In awarding the Nobel Prize in economics, the Swedish committee wrote that Ben Bernanke’s 1983 paper, for which he was given the prize, showed that the Great Depression “became so deep and so protracted in large part because bank failures destroyed valuable banking relationships, and the resulting credit supply contraction left significant scars in the real economy. These were new insights …”
New insights? By 1983, this was standard economic history. So I went back and read the paper, “Non-Monetary Effects of the Financial Crisis in the Propagation of the Great Depression.”
What is striking about the paper is how conventional it is. Bernanke begins, “We argue that the financial disruptions of 1930-33 reduced the efficiency of the credit allocation process; and that the resulting higher cost and reduced availability of credit acted to depress aggregate demand.”

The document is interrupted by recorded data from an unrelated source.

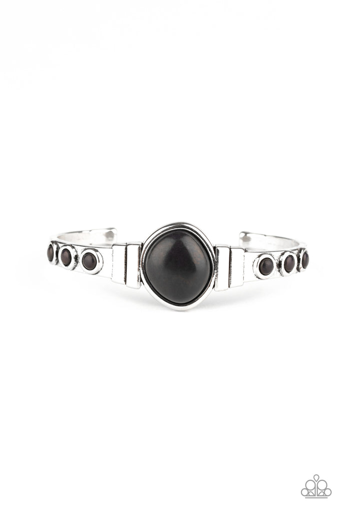 Dotted in dainty black stones, a dainty silver cuff attaches to an asymmetrical black stone centerpiece for an earthy flair.
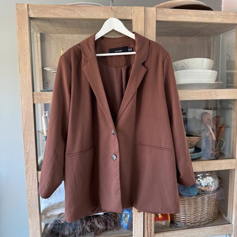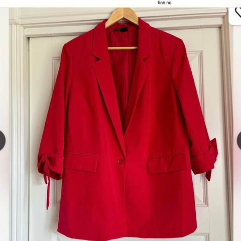 Nydelig mørk-rød dame overdel (åpen lang blazer)- sjelden pen modell, som jeg bestilt som individual design fra moda atelje, smart design-figure ser slank og høy ut! I størrelse 42-44. Jakken er uforet, har en åpen front med et draperende design og 3/4 ermer. Den har lommer på sidene og er laget i et mykt og superstretch polyester stoff. Jakken passer til hverdagsbruk og fest , og kan kombineres med ulike antrekk. Ligger ubrukt i skap fra pandemien tid og må selges slik blir for trangt for meg. Pris kan diskuteres. Sendes!
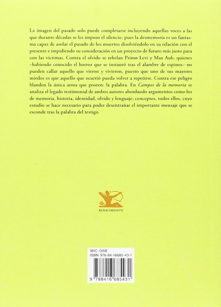 La imagen del pasado solo puede completarse incluyendo aquellas voces a las que durante décadas se les impuso el silencio, pues la desmemoria es un fantasma capaz de asolar el pasado de los muertos disolviéndolo en su relación con el presente e impidiendo su consideración en un proyecto de futuro más justo para con las víctimas. Contra el olvido se rebelan Primo Levi y Max Aub, quienes habiendo conocido el horror que se instauró tras el alambre de espinos no pueden callar aquello que vieron y vivieron, puesto que uno de sus mayores miedos es que aquello que ocurrió pueda volver a repetirse. Contra ese peligro blanden la única arma que poseen: la palabra. En Campos de la memoria se analiza el legado testimonial de ambos autores abordando argumentos como los de memoria, historia, identidad, olvido y lenguaje; conceptos, todos ellos, cuyo estudio se hace necesario para poder desentrañar el importante mensaje que se esconde tras la palabra del testigo. María Soler Sola (Valencia, 1981) es licenciada en Filología Hispánica por la Universidad Autónoma de Barcelona y doctora en Lingue e Culture del Mediterraneo por la Università degli Studi di Firenze. Ha trabajado como profesora contratada en la Università degli Studi di Siena y como profesora de didáctica de la lengua española en la Università degli Studi S. Pio V de Roma. Su campo de especialización es la literatura contemporánea y ultracontemporánea que se ocupa de memoria histórica y testimonio.
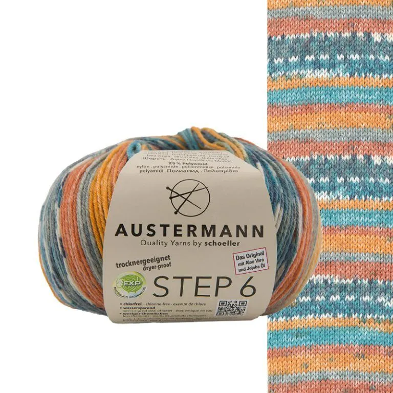 La laine à bas Step d’Austermann est une laine fabriquée en Allemagne qui est d’une grande qualité. La fibre contient également de l’huile de jojoba. Une balle de 150 grammes est suffisante pour une paire de bas ou chaussettes d’adulte.
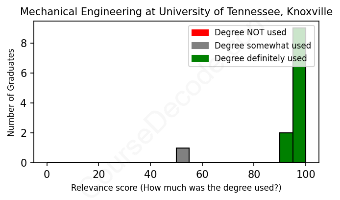 The verdict? Great! Overall, with an average relevance score of 94%, Mechanical Engineering graduates from University of Tennessee, Knoxville have a substantially higher likelihood (+27%) of finding work in this field compared to the average graduate across all fields:
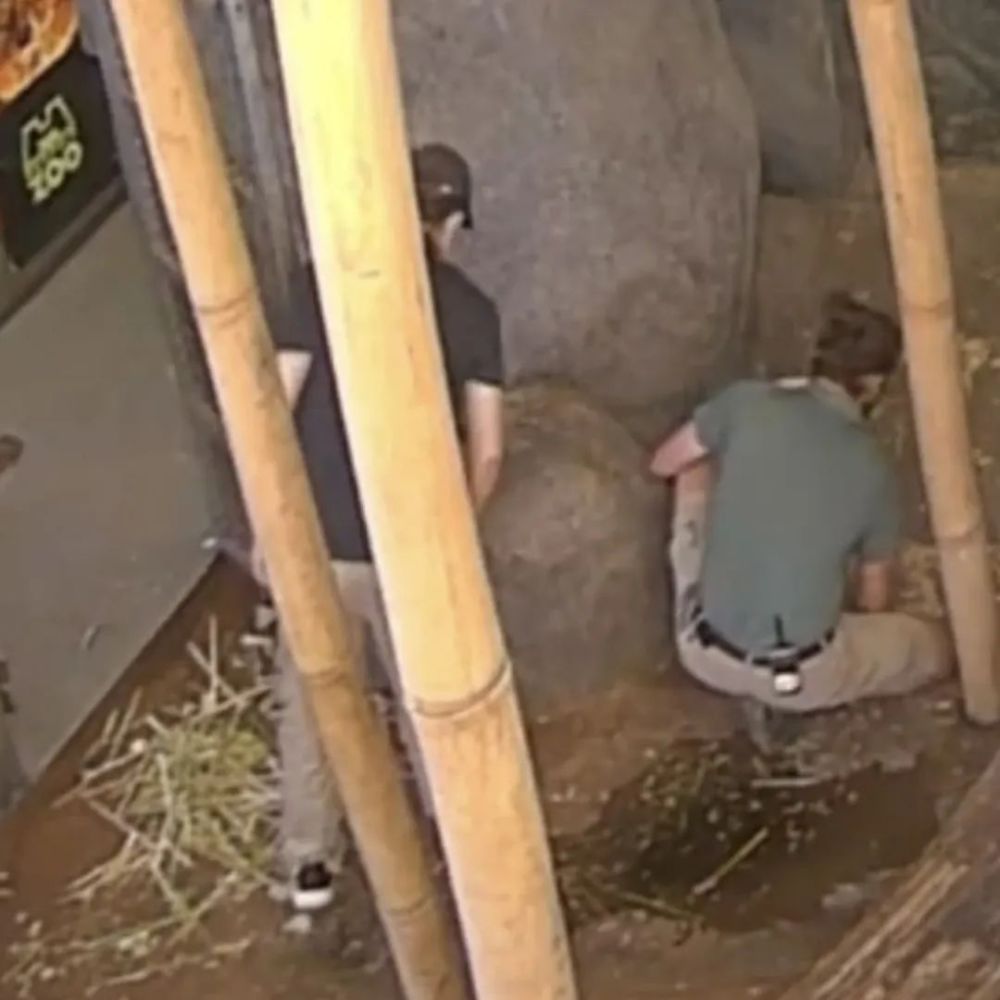 2023年4月1日,美国孟菲斯动物园,中国专家组检查“丫丫”的竹子、排泄物和出水口。视频截图
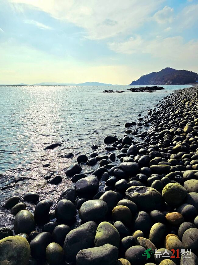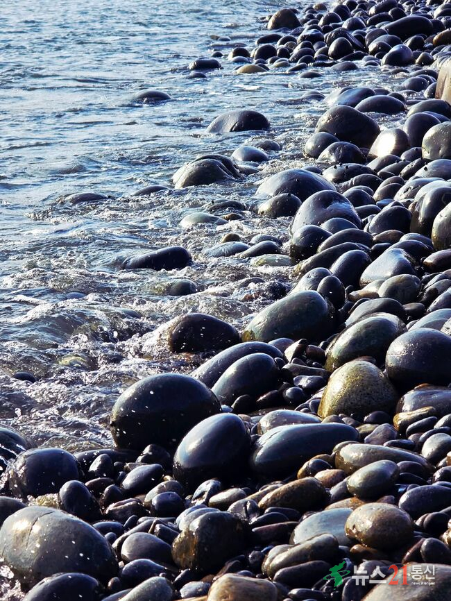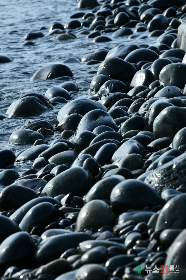 이 몽돌은 오랜 시간 파도와 마찰을 거치며 형성되어 독특한 자연 경관을 이룬다.
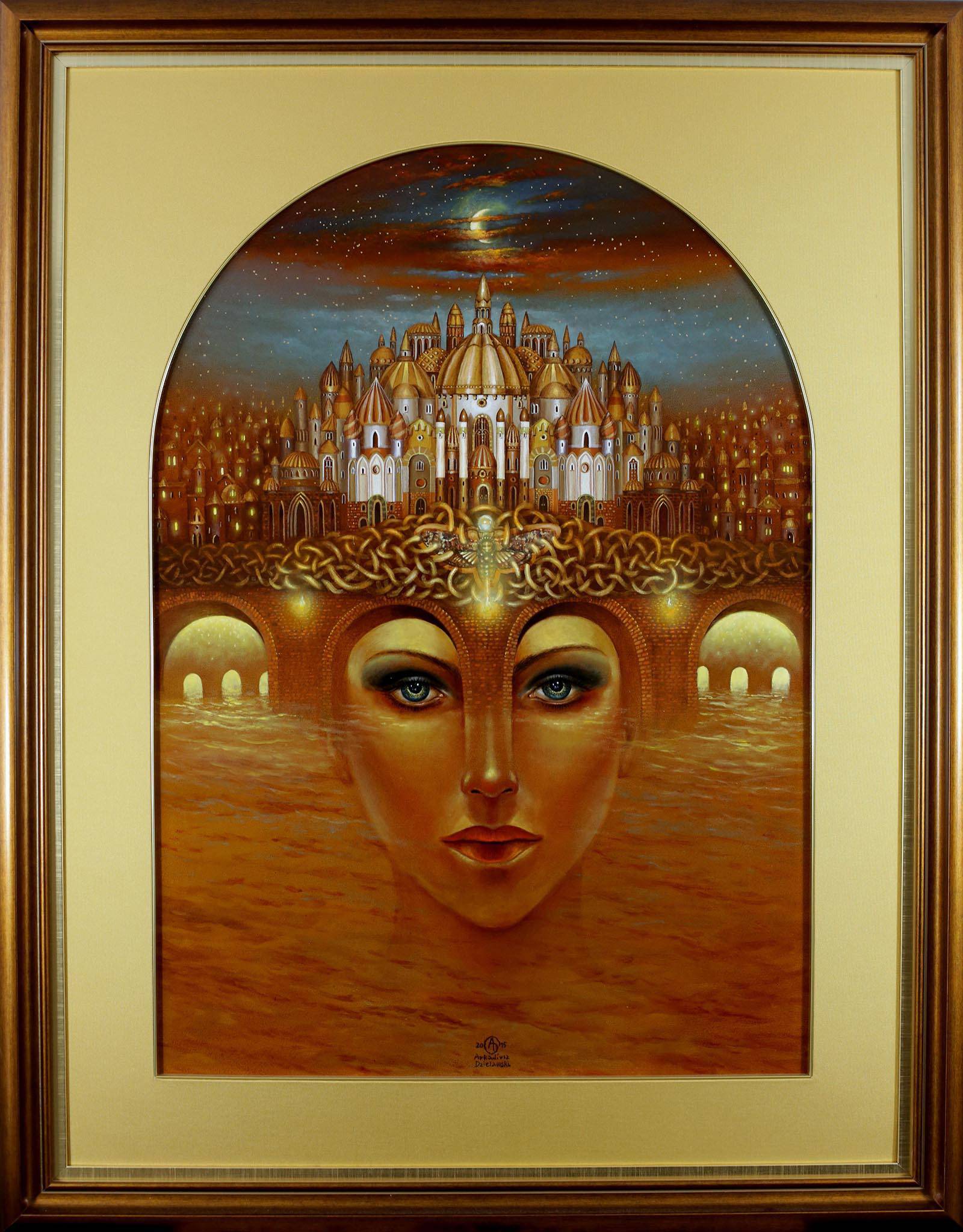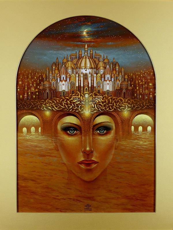 Obraz jest prawdziwie magiczny, a jego kolorystyka opiera się głównie na złotych i ciepłych odcieniach brązu. W centrum znajduje się majestatyczna twarz kobiety, której oczy hipnotyzują głębokim spojrzeniem. Nad nią, jakby z jej myśli, wyłania się fantastyczne miasto z kopułami i misteryjnymi wieżami, rozświetlone blaskiem nocnych gwiazd. Kompozycja jest harmonijna, a architektoniczne detale dodają surrealistycznego uroku. Atmosfera obrazu jest pełna tajemnicy, jakbyśmy zaglądali do świata snów. Jest coś nieuchwytnego, co skłania do zadumy i introspekcji. Technika artystyczna jest wyjątkowa; artysta zastosował subtelne gradienty i precyzyjne detale, które nadają dziełu głębię i teksturę. Użycie światła sprawia, że obraz zdaje się pulsować życiem. Można poczuć, jakby złoty blask dotykał naszej skóry. Emocje, które wywołuje ten obraz, są mieszanką zdumienia i niepokoju. Wywołuje on też takie uczucie, jakbyśmy stali na progu czegoś nieznanego. Dla niektórych może to być "wow moment", chwila, która na długo zapada w pamięć. Mam ochotę wpatrywać się w ten obraz godzinami, odnajdując za każdym razem coś nowego. A teraz sobie wyobraź, że to miasto opowiada swoją historię, jedną nocną przygodę. Czuć w tym wszystkim pewną "magiczną aurę", która jest nie do opisania słowami. Ciekawe, jakie sekrety skrywa ta twarz.

The paper then goes on to describe the various channels by which bank failures and credit contraction contributed to the downward spiral of the rest of the economy. The 38-page paper, narrative and almost journalistic, is familiar to anyone who has read economic history.

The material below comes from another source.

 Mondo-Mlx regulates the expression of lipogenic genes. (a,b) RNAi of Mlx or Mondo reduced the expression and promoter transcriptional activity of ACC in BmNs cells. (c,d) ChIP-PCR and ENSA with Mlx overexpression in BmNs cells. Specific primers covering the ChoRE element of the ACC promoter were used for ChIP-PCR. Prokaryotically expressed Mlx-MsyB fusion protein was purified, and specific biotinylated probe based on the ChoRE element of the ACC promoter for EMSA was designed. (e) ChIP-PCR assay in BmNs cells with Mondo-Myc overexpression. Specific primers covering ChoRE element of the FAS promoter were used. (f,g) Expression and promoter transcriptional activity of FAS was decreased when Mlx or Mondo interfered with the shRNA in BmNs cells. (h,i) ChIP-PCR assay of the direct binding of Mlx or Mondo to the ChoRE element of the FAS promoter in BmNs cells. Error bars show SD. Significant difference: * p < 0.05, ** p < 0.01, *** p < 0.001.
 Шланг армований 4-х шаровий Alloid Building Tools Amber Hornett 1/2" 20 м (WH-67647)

In 1983, Bernanke was a 29-year-old junior economist at the Stanford Business School and the conservative Hoover Institution. He did one brave thing in the paper. Sounding almost Keynesian in his discussion of aggregate demand, Bernanke politely demolished what was then the reigning theory in conservative circles, the argument of Milton Friedman and Anna Schwartz that the Great Depression was mainly the result of a contraction in the money supply.
Bernanke wrote, “There is much support for the monetary view. However, it is not a complete explanation of the link between the financial sector and aggregate output in the 1930s,” adding disingenuously that his paper “builds on the Friedman-Schwartz work …”

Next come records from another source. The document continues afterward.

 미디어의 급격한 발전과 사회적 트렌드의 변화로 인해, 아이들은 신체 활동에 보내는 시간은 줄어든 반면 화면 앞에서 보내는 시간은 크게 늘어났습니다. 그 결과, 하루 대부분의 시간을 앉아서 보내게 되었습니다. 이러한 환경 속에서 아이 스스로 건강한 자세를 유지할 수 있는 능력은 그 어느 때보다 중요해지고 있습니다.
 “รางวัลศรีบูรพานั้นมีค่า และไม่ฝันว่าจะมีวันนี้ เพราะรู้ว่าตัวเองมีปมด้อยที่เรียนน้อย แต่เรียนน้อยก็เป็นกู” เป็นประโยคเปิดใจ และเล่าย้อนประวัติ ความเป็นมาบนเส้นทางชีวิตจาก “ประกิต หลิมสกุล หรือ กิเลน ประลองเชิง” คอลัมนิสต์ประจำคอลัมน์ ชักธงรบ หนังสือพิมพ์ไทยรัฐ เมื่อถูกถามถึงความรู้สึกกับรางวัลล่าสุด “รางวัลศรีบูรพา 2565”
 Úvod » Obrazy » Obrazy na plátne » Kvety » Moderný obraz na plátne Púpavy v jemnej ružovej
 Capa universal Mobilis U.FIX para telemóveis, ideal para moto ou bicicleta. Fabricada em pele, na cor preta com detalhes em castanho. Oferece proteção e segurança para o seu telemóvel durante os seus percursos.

In a section acknowledging other work on banking and economic collapse, Bernanke wrote, “Minsky (1977) and Kindleberger (1978) have in several places argued for the inherent instability of the financial system, but in doing so have had to depart from the assumption of rational economic behavior” (emphasis added). Damn right they did! Anyone who thinks the system behaves “rationally” in a banking panic is a fool. It was Hyman Minsky who deserved the Nobel.
Bernanke went on to do more research on the financial system and the Great Depression. By the time he became Fed chair in February 2006, and the extreme deregulation of finance was incubating the 2008 financial collapse, Bernanke was worrying about the potential of a repeat of 1929. In a 2007 speech, he warned of the fragility of the shadow banking system. But he did nothing to restrict the general over-leveraging, though the Fed had plenty of power to crack down on the subprime scam.
When the crash did come, it was providential that the Fed chair was a close student of the 1930s. He used everything in the Fed’s arsenal, including some new inventions such as massive purchases of valueless securities, to keep bank insolvency from producing general collapse. For this, he does deserve some kind of prize.
But when it came to breaking up the giant banks, or using strong regulation to prevent further cycles of euphoria and crash, the conservative Bernanke flinched. For that, given all that he knew, Bernanke should be awarded the Ig-Nobel.